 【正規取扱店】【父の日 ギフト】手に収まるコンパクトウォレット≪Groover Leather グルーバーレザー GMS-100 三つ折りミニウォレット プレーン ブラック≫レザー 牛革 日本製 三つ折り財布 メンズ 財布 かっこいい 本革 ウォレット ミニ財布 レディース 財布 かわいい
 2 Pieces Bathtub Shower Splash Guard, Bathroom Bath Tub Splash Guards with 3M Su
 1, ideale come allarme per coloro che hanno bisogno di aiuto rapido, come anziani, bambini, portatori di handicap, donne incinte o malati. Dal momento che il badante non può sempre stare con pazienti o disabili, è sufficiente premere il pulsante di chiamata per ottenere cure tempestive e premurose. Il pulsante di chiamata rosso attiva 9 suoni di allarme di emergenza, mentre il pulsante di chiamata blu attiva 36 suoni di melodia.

* * *

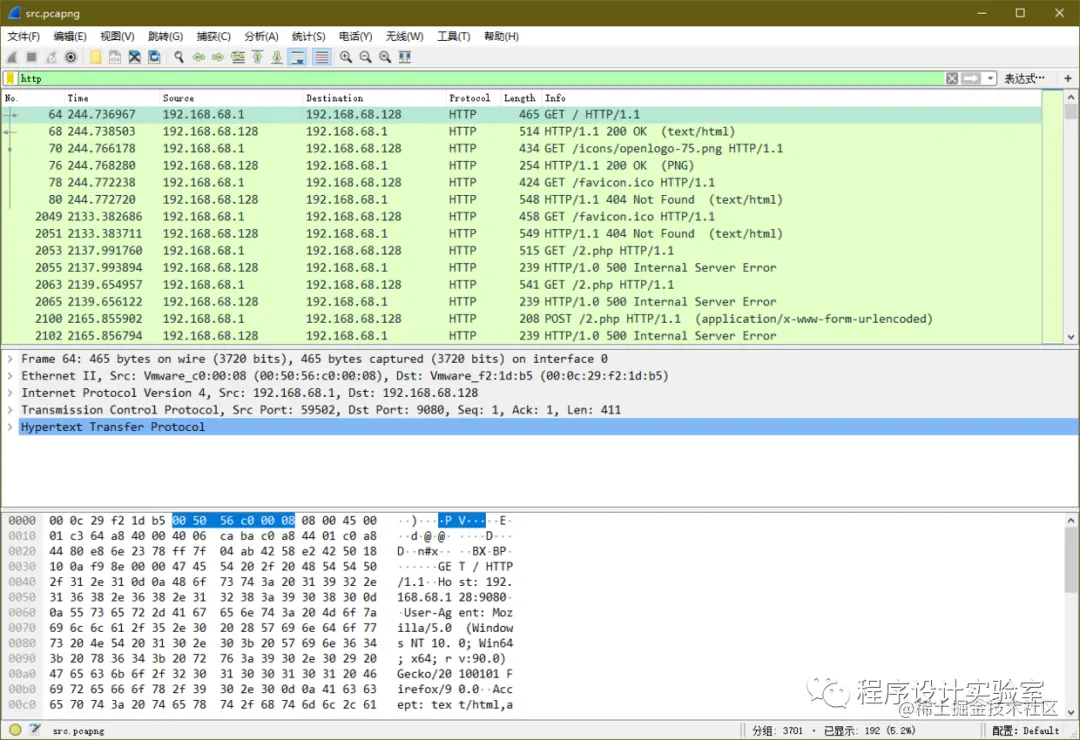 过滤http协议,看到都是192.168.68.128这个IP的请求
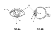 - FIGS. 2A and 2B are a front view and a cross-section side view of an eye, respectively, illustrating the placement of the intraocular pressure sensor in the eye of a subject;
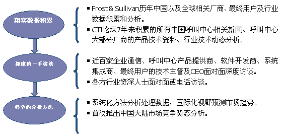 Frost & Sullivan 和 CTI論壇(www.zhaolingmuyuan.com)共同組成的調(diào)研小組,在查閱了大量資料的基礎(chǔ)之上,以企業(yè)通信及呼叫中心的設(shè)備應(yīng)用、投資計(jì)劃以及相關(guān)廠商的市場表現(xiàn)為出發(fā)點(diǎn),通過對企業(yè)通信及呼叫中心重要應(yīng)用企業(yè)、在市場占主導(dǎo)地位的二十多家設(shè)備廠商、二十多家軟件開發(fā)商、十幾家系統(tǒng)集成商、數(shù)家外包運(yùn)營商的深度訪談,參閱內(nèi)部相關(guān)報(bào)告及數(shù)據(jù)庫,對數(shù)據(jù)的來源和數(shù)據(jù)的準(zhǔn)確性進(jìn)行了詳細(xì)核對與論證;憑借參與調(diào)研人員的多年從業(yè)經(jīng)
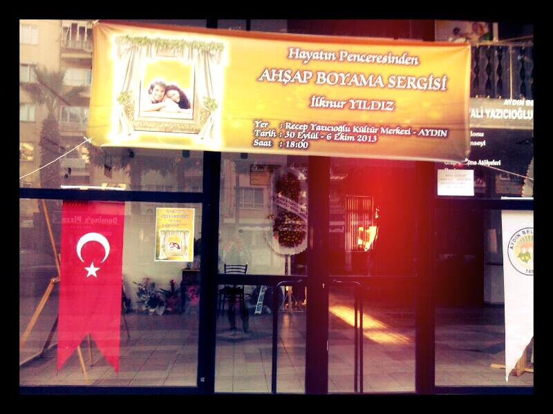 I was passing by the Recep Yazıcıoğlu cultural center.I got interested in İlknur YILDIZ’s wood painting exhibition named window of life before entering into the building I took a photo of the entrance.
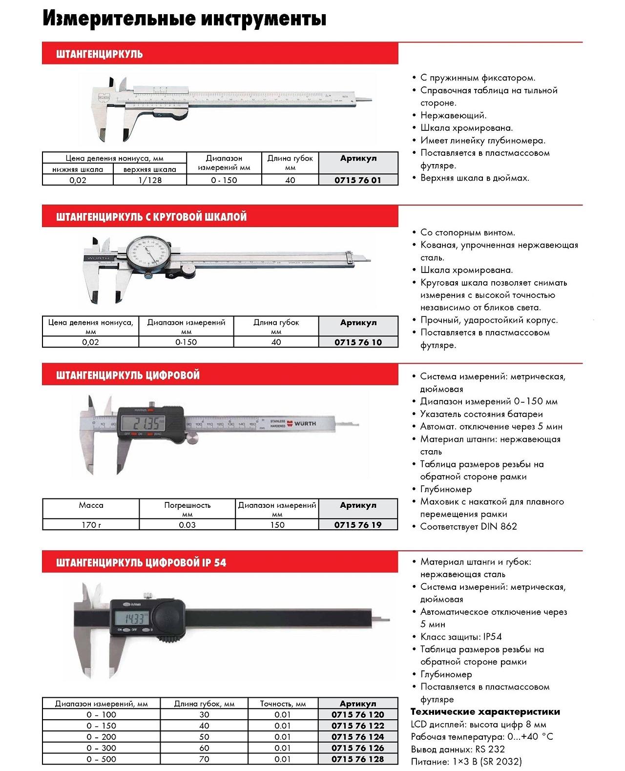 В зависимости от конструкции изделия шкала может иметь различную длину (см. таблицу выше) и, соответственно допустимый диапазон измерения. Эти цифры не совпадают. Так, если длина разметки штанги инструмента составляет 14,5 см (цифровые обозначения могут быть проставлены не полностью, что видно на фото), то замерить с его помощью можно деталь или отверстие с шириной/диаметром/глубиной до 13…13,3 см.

> _ACTION ITEM_
Your answer is the exact run of lines above from the one with "Frost & Sullivan" through the one with "I was passing", both ends included, minus any picture.

> _RESULT OF THIS EXERCISE_
 Frost & Sullivan 和 CTI論壇(www.zhaolingmuyuan.com)共同組成的調(diào)研小組,在查閱了大量資料的基礎(chǔ)之上,以企業(yè)通信及呼叫中心的設(shè)備應(yīng)用、投資計(jì)劃以及相關(guān)廠商的市場表現(xiàn)為出發(fā)點(diǎn),通過對企業(yè)通信及呼叫中心重要應(yīng)用企業(yè)、在市場占主導(dǎo)地位的二十多家設(shè)備廠商、二十多家軟件開發(fā)商、十幾家系統(tǒng)集成商、數(shù)家外包運(yùn)營商的深度訪談,參閱內(nèi)部相關(guān)報(bào)告及數(shù)據(jù)庫,對數(shù)據(jù)的來源和數(shù)據(jù)的準(zhǔn)確性進(jìn)行了詳細(xì)核對與論證;憑借參與調(diào)研人員的多年從業(yè)經(jīng)
 I was passing by the Recep Yazıcıoğlu cultural center.I got interested in İlknur YILDIZ’s wood painting exhibition named window of life before entering into the building I took a photo of the entrance.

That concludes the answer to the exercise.